2. Sample Size Used for the Test Set and Data Provenance:

• Sample Size: The document does not specify the exact sample sizes for the bench tests (Flexibility, Linear and Surface Coverage, Wound Closure Strength, and Force Expression). It merely states that "Additional bench testing was performed."
• Data Provenance: The document implies that the bench testing was conducted by Adhezion Biomedical, LLC or a contracted lab to support the 510(k) submission. There is no information about the country of origin of the data. The studies are described as "bench testing," meaning they are laboratory-based, not patient-based, and thus are not retrospective or prospective clinical studies.

3. Number of Experts Used to Establish the Ground Truth for the Test Set and Qualifications of Those Experts:

This section is not applicable (N/A) as the described studies are physical bench tests on a medical device, not a diagnostic algorithm that requires expert ground truth.

4. Adjudication Method for the Test Set:

This section is N/A for the same reason as point 3.

5. If a Multi-Reader Multi-Case (MRMC) Comparative Effectiveness Study Was Done, and the Effect Size of How Much Human Readers Improve with AI vs. Without AI Assistance:

This section is N/A. The device is a topical skin adhesive, not an AI-powered diagnostic tool. Therefore, no MRMC study or AI-assistance comparison was performed.

6. If a Standalone (i.e., algorithm only without human-in-the-loop performance) Was Done:

This section is N/A. The device is a physical medical device, not an algorithm.

7. The Type of Ground Truth Used (expert consensus, pathology, outcomes data, etc.):

The "ground truth" for the bench tests would be the established engineering and material science specifications and performance metrics of the predicate device (SURGISEAL Stylus Twist™) and the relevant industry standards for medical adhesives and device performance. The goal was to demonstrate that the modified device's performance aligns with these established benchmarks.

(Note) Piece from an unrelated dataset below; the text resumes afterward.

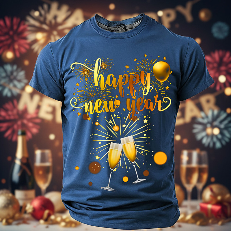 New Year Men's Happy New Year Fireworks 2026 T Shirt Short Sleeve T shirt 3D Print Crew Neck Shirt Exaggerated Designer Artistic Party Street Club Blue 1# Black Red Fall Winter Clothing Apparel S M L

8. The Sample Size for the Training Set:

This section is N/A. The device is a physical medical device; there is no "training set" in the context of an algorithm or AI model development.

9. How the Ground Truth for the Training Set Was Established:

This section is N/A for the same reason as point 8.

Summary of the Study:

The study described is not a clinical study involving patients or a diagnostic study involving human interpretation. It is a set of bench performance tests designed to demonstrate that a specific dimensional modification to the tip of the SURGISEAL Twist™ Topical Skin Adhesive does not negatively impact its existing physical and performance characteristics compared to its legally marketed predicate device (SURGISEAL Stylus Twist™ Topical Skin Adhesive).

The key findings are that the modified device:

• Maintains equivalent performance characteristics (Flexibility, Linear and Surface Coverage, Wound Closure Strength, Force Expression) compared to the predicate device.
• Retains the established biocompatibility profile of the predicate device.
• Uses the same validated sterilization process.
• Does not impact the predicate device's 24-month shelf-life.
• Overall, it "maintains approximation of wound edges," which is its primary functional purpose.